Configuration is done the same as for a slot or host guarantee policy, with a GuaranteedResourcePoolsection in lsb.resources. The main difference being that the TYPE parameter is used to express the package resources. The following example is a guarantee package pool defined in lsb.resources:

Begin GuaranteedResourcePool
NAME = example_pool
TYPE = package[slots=1:mem=1000]
HOSTS = hgroup1
RES_SELECT = mem > 16000
DISTRIBUTION = ([sc1, 25%] [sc2, 25%] [sc3, 30%])
End GuaranteedResourcePool

A package need not have both slots and memory. Setting TYPE=package[slots=1] gives essentially the same result as a slot pool. It may be useful to have only slots in a package (and not mem) in order to provide guarantees for parallel jobs that require multiple CPUs on a single host, where memory is not an important resource. It is likely not useful to configure guarantees of only memory without slots, although the feature supports this.

Each host can belong to at most one slot/host/package guarantee pool. At mbatchd startup time, it will go through hosts one by one. For each host, mbatchd will go through the list of guarantee pools in configuration order, and assign the host to the first pool for which the job meets the RES_SELECT and HOSTS criteria.

Total packages of a pool

The total packages of a pool is intended to represent the number of packages that can be supplied by the pool if there are no jobs running in the pool. This total is used for:

  • Display purposes – bresources displays the total for each pool, as well as showing the pool status as overcommitted when the number guaranteed in the pool exceeds the total.

  • Determining the actual number of packages to reserve when guarantees are given as percentages instead of absolute numbers.

LSF calculates the total packages of a pool by summing over all hosts in the pool, the total package each host. Hosts that are currently unavailable are not considered to be part of a pool. On each host in a pool, the total contributed by the host is the number of packages that fit into the MXJ and total memory of the host. For the purposes of computing the total packages of the host, mbschd estimates the total memory for LSF jobs as the minimum of:

  • The total slots of the host (MXJ), and

  • The maximum memory of the host, i.e. maxmem as reported by lshosts.

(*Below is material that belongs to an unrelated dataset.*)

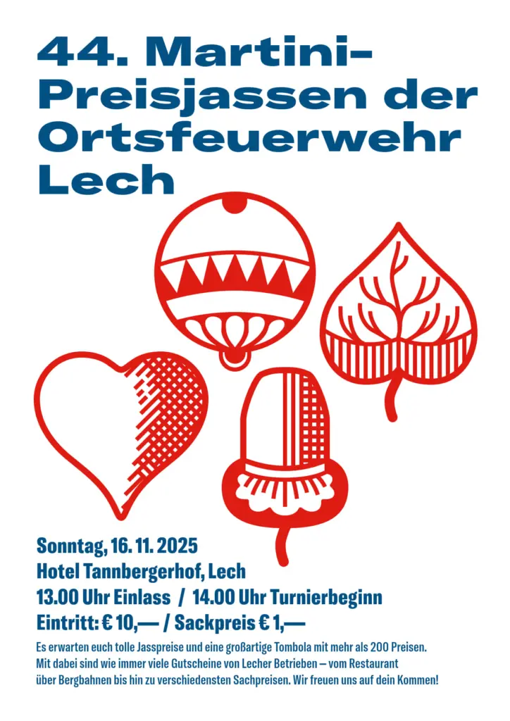 Am Sonntag den 16. November findet das traditionelle Preisjassen der Ortsfeuerwehr Lech statt. Es erwarten euch tolle Jass- und Tombolapreise und ein rundum gemütlicher Nachmittag mit Bur, Nell, Ass.
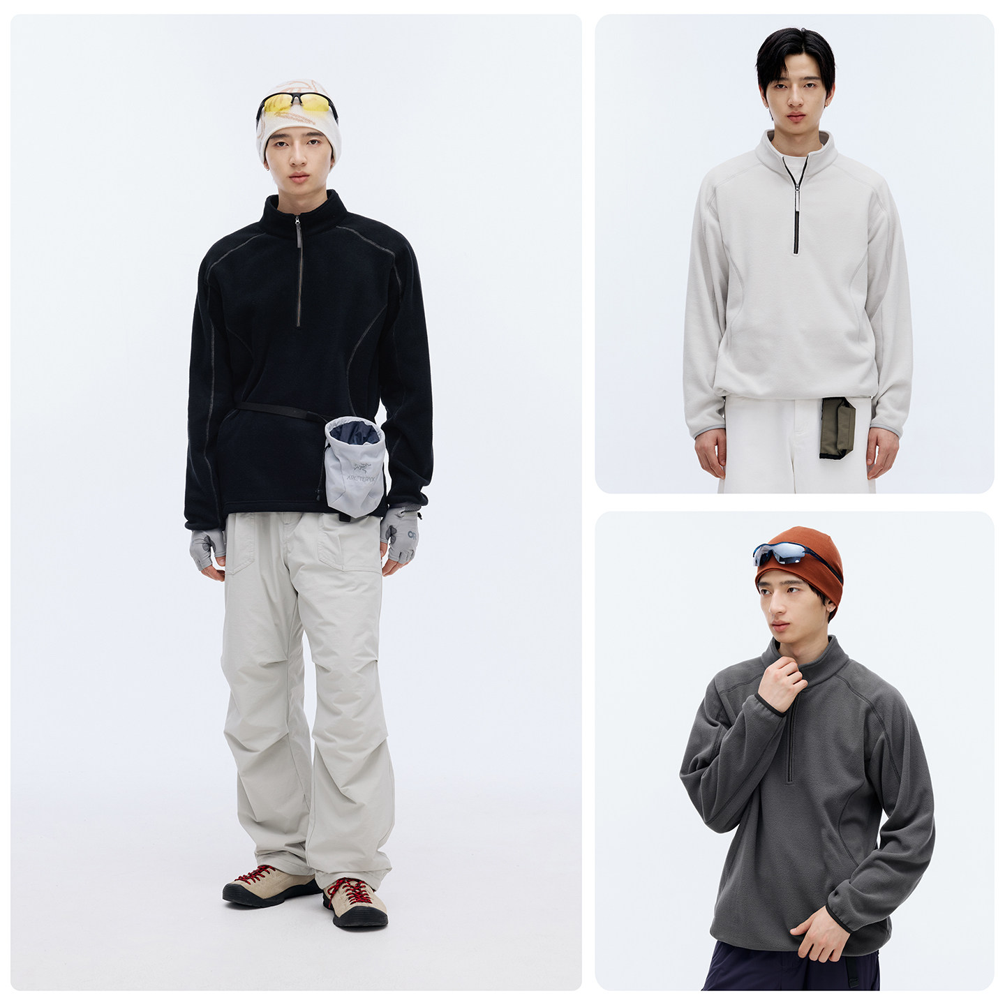 RESTICK 轻量高暖户外中间层抗静电双面摇粒绒机能半开襟立领卫衣

The total packages on a host is the number of packages that can fit into the total slots and maxmem of the host.. This way, if there are processes on the host not belonging to LSF jobs, the memory occupied by these processes does not count toward the total packages for the host. Even if we kill all the LSF jobs on the host, we may not be able to have LSF jobs use mem all the way to maxmem.

Memory on a host will be used by processes outside of LSF jobs. The result may be that even when there are no jobs running on a host, the number of free packages on the host is less than the total packages of the host. The free packages are computed from the available slots and available memory (mem).

Currently available packages in a pool

So that LSF knows how many packages to reserve during scheduling, LSF must track the number of available packages in each package pool. The number of packages available on a host in the pool is equal to the number of packages that fit into the free resources on the host. The available packages of a pool is simply this amount summed over all hosts in the pool.

For example, suppose there are 5 slots and 5 GB free on the host. Each package contains 2 slots and 2 GB memory. Therefore, there are 2 packages currently available on the host.

Hosts in other states are temporarily excluded from the pool, and any SLA jobs running on hosts in other states are not counted towards the guarantee.